Of course, theologically speaking, according to the same line of reasoning, how did the intelligent designer's level of organization, prescription, processing, control and regulation get started? special pleading .
Equivocation, the argument from incredulity, special pleading, begging the question are all cogent possibilities for the OP's question:
"How many fallacies are in this quote?"
I would point out that False equivalence applies to one particular respondent's feeble defense:
"Intelligent design is an alternative theory to natural selection for the mechanism behind the appearance of organization."
Intelligent design may be an "alternative" theory in the most generous of terms but is as equal to valid evolutionary science as astrology is to behavioral science, phrenology is to neuroscience, or homeopathy is to medical science.
"In fact, In the United States federal court case Kitzmiller v.
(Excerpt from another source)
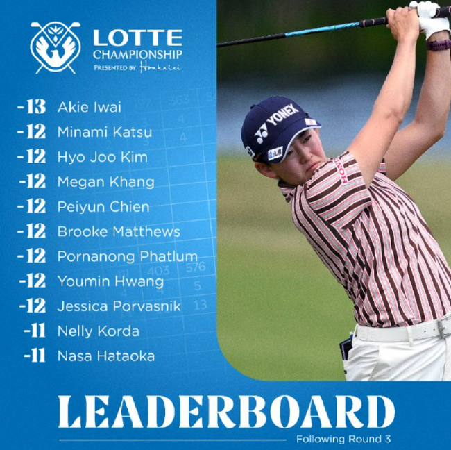 北京時間10月4日,日本選手巖井明愛夏威夷時間周五在霍瓦卡雷鄉(xiāng)村俱樂部(Hoakalei Country Club)頂住強風(fēng)考驗,明愛于樂天錦標(biāo)賽第三輪后搶占榜首位置,領(lǐng)跑樂天落后不過8名選手僅僅落后1桿,錦標(biāo)前世界第一內(nèi)莉·科達(dá)落后2桿。賽人可以預(yù)期,桿科明天將是達(dá)落一場惡戰(zhàn)。

Dover Area School District (2005), intelligent design was judged a repackaged version of creationism and as such introducing intelligent design in public school science classrooms was unconstitutional religious infringement."
It should also be pointed out that since the mid-1990s George W. Gilchrist of the University of Washington and more recently, Barbara Forrest of Southeastern Louisiana University and Lawrence M. Krauss of Case Western Reserve University surveyed over 20,000,000 peer-reviewed scientific papers over the last twenty years, approximately 150,000 dealt with evolution, and out of these 150, 000 peer-reviewed scientific journals 80 papers on Intelligent Design were written and submitted by Christian mechanical engineers and not qualified evolutionary biologists.
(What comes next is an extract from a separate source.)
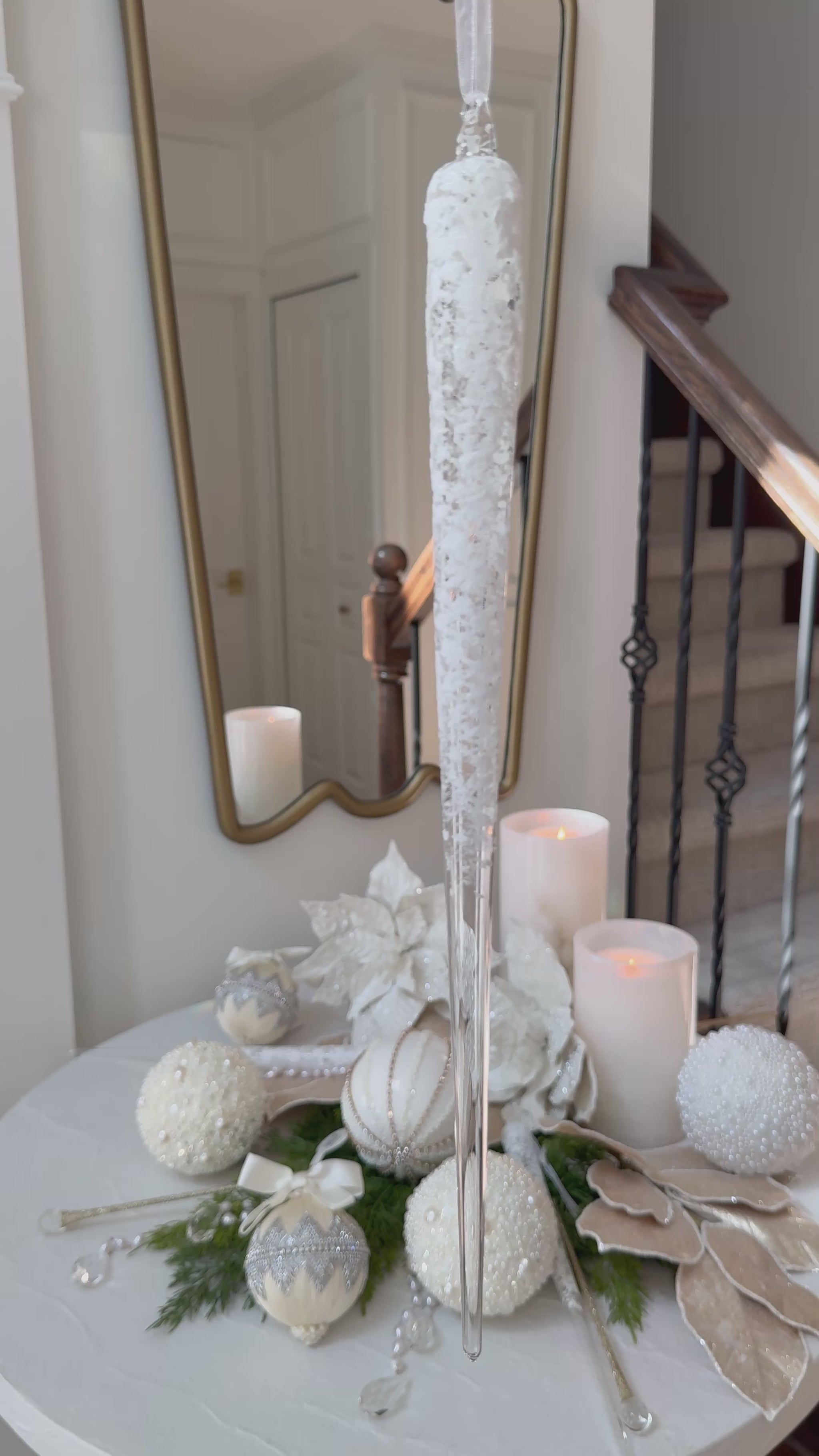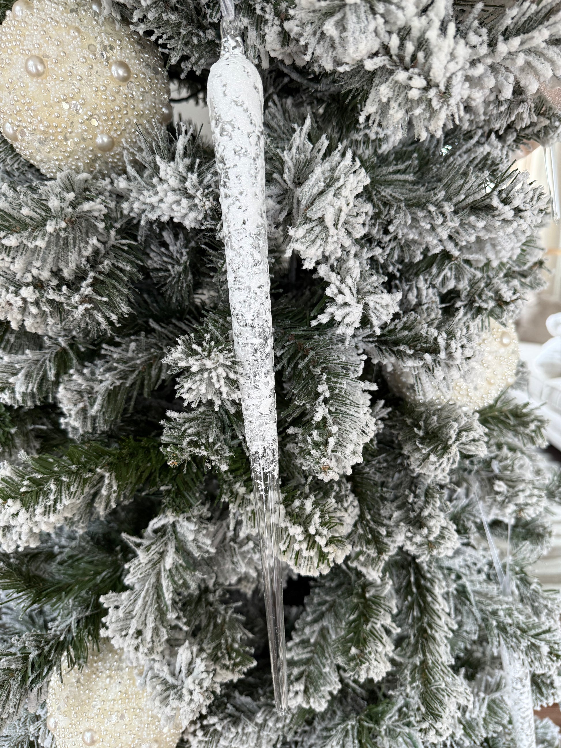Snowy Glass Icicle Ornament 15"

150, 000 scientific papers on evolution versus 80 on Intelligent Design out of 20,000,000 submissions over 20 years.
So, the overwhelming consensus is that Intelligent Design is a religious rehash of Creationism and not a science, and therefore not equivalent in any manner.
While Steven Meyer's most recent "Return of the God Hypothesis" has earned great accolades and newfound respectability for ID as a legitimate scientific rebuttal to evolutionary theory, I challenge anyone's brain not to freeze up by the strenuous machinations and glaring confirmation bias running rampant through every single page of Meyer's laborious assertions. (It's 400 pages!)
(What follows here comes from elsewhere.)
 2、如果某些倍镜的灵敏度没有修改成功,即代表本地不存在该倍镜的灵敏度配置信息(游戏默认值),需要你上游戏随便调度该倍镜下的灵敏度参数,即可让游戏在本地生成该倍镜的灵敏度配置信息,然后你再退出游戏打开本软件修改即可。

Ultimately, while there are obvious notes of fallacious reasoning in the OP's query what we are essentially dealing with is Cognitive and Confirmation bias. The fallacious reasoning that springs up from the ID hypotheses comes from primitive cognitive mechanisms and intuitive by-products rather than responsible scientific inquiry.
What is true of Intelligent Design, as with theology itself, I align myself with the views of philosopher Andrew Borstein: The tragedy is... in its distilled essence: The employment of high-powered human intellect, of genius, of profoundly rigorous logical deduction—studying nothing.
Science Should Not Try to Absorb Religion and Other Ways of Knowing www.scientificamerican.co. . . via @sciam
If the questioner truly wants an answer, certainly Dawkins explains it in ways even children understand. Fallacies? Well, two immediately come to mind:
Nonethless, it is a question asked, not a proposition proposed.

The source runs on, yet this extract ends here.